Please note that the computed triangle_width is only an APPROXIMATION of the exact triangle width in most cases.
IMPORTANT: For triangle-based shapes, the cost grows inversely with the scale of the prim! More specifically, it varies linearly with triangle density. This is important as triangle density has a huge impact on physics performance. Also note that for large meshes, the density multiplier may be less than unity, resulting in a discounting effect.
The resulting number may not be an integer. A prim with physics shape type "none" does not contribute to the pure PRC!
NEW An additional factor has been added to this computation. If a linkset is made physical, it will incur an additional penalty that will depend on its scale. The formula is:
penalized_cost = base_physics_cost * ( 1 + 0.04 * A )
where A is the the mean face area of the linkset's axis aligned bounding box (defined by its overall scale). Here's an example to make it clear
- Create a linkset consisting of 10 boxes. Set one of them to have shape type Convex Hull (to trigger the new accounting)
- Arrange them and scale the linkset so that the overall linkset scale is 3m x 4m x 5m
- Since the linkset contains 10 boxes and is a new accounting linkset, its base physics cost is 10 * 0.1 = 1 prim equivalent
- Now, make the linkset physical. Since we scaled the linkset to 3 x 4 x 5, its bounding box has faces of 12m^2 (3 * 4), 20m^2 (4 * 5), and 15m^2 (3 * 5). The average face area is therefore (12 + 20 + 15)/3 = 15.7.
- penalized_cost = 1 * ( 1 + 0.04 * 15.7 ) = 1.628, or 2 prims after rounding
Another quick example:
- Import/upload the duck model using a physics decomposition. Let's say the resulting decomposition has a physics cost of 13 prim equivalents (it did in my experiment)
- After setting the duck to "PRIM" so that it uses the decomposition, the cost is 13
- Scale the duck to 10m x 10m x 10m. Its physics cost is still 13
- Set the duck Physical. It average face size is 100m^2, so the penalized_cost = 13 * ( 1 + 0.04 * 100 ) = 13 * 5 = 65 prim equivalents.
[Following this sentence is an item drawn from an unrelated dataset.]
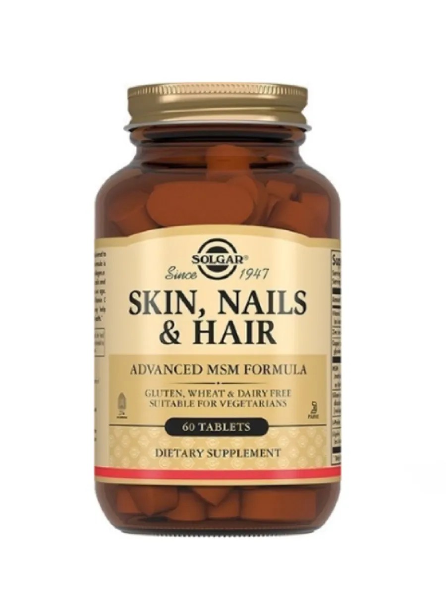 Solgar Skin, Nails, Hair is a dietary supplement. The Skin, Hair, Nails complex is based on MSM (methylsulfonylmethane), a source of organic sulfur and the main component of keratin (the building block of hair and nails) and collagen (the basis of skin). Its balanced composition helps improve skin firmness and elasticity; protect against the harmful effects of UV rays; regulate sebaceous gland activity; and strengthen hair and nails. Many nutrients cannot be obtained from the outside. This product is designed to maintain collagen levels, the main component of skin, nails, and hair, which decline with age. Taking nutrients such as vitamin C and copper orally helps maintain healthy hair, nails, and skin. Adults take 2 tablets daily with meals. Consult a doctor before use.
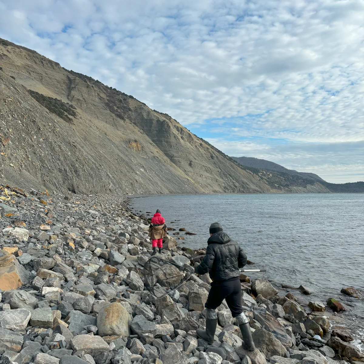 Перед нами открываются красоты заповедника — гигантские горы из слоев сланца, которые выглядят как нагромождение очень старой древесины. Водопад, ведущий прямо к морю. Вместо валунов — круглые камни, идти по ним легче. Нет только птиц. Наталья предполагает, что они не подплывают к берегу из-за неспокойного моря. Пройдя около шести километров, которые из-за дороги ощущаются как десять, поворачиваем назад. В ногах гудит, ступни болят, но я стараюсь не отставать. По пути находим двух погибших чомг — одна обглоданная до скелета. Хотя мертвых птиц обычно тоже привозят в штаб для вскрытия, забирать их не решаемся: смотрители заповедника могут остановить и обвинить в браконьерстве.

Note that the penalized cost does NOT affect whether the object can be made physical in the first place. Rest assured that if your linkset has a physics weight of <32.0 prim equivalents when NOT physical you will still be able to set it physical. Of course, if doing so results in the cost going up, something on your parcel may be returned to you if you are over your resource quota.
Simulator resource cost (SRC)
Simulator resource cost (SRC) reflects the cost of "managing" a linkset or prim. For example, this includes things like sending out updates about the object's state to relevant viewers.
SRC = simulation_factor * active_cost * ( num_objects + (linkset_factor/num_objects) )
- simulation_factor and linkset_factor are constants for tuning the overall cost.
- active_cost is always either active_cost_high or active_cost_low (two additional tuning constants). The high value is used if the object is scripted, physics-enabled, or both.
What this means is that to minimize SRC, you should:
- Group your prims into as few linksets as possible
- Minimize the number of linksets you need to script or make physical
- Minimize the number of unlinked or small linksets
- If an object is physical or scripted, keep its linkset as small as possible (but don't create multiple scripted unlinked prims instead!)
Region resource cost (RRC)
Regions and parcel limits for prims/linksets will use the region resource cost which is the greater of the SRC and the bandwidth resource cost (also known as streaming resource cost, described elsewhere).